Use remote shaking devices: Normally, technicians should stand close to equipment, electrical connections shake and un-shaking breakers. Remote shaking devices allow operators to execute these extremely dangerous tasks from a safe distance.

5. Predict and Prevent Faults

One of the most effective ways to prevent arc flashes is to assume and ignore the conditions that cause them. The following three solutions permit data centers to spot possible ArcFlash risk before they have  chance to harm and keep group safely away from live connections.

Analyse insulation security: Deteriorating insulations is the leading cause of electrical failures. Analysing and repairing insulation before it fails could avoid arc flash explosions. Anticipative maintenance systems give warning of insulation failure in medium voltage switchgear, substations, generators, transformers and motors.

Monitor pressure junctions: Most of the electrical equipment has pressure junctions. Like, shipping splits, load lugs and compression fittings. Over time, vibration and thermal cycling can loosen these connections. When current flows through loosened connection, it cause overheating and ultimately produces an ArcFlash. Using non-conductors thermal sensors called pyrometers. Data centers can regulate pressure junctions regularly and receive advance notification of loose connections before they become very loose that they create an ArcFlash explosion.

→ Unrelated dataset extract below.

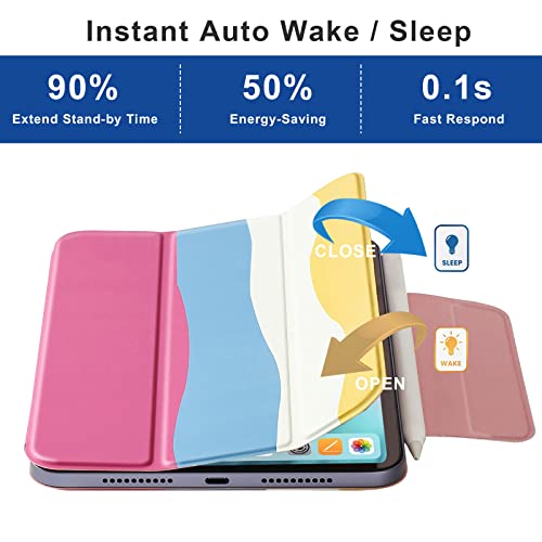 MuyDoux Custodia per iPad Mini 6a Generazione, iPad mini 6 Cover Magnetica 8,3 Pollici 2021, Auto Sveglia/Sonno, Design Monopezzo Ultra Sottile Leggera ed Elegante, Arcobaleno

Use infrared (IR) windows: Using contactless IR thermography technology, IR windows enable technicians to execute IR scans without removing switchgear side panels, lessening the likelihood of arc flash events caused by accidental contact with live bus.

6. Redirect Blast Energy

Equipment that directs arc flash energy away from data center group is called “arc resistant.” Arc-resistant switchgear, for example, utilizes sealed joints, top-mounted pressure relief vents, and reinforced hinges to have the energy and heat released by arc flashes and channel them by ducts to vacant area inside or outside the data center.

When all else fails, arc-resistant switchgear offers vulnerable data center employees a critical last line of defense from the explosive power of arc flash incidents. Anyhow, protective conditions said to effective only when equipment doors closed, it is important to train technicians to fasten doors safely while operating.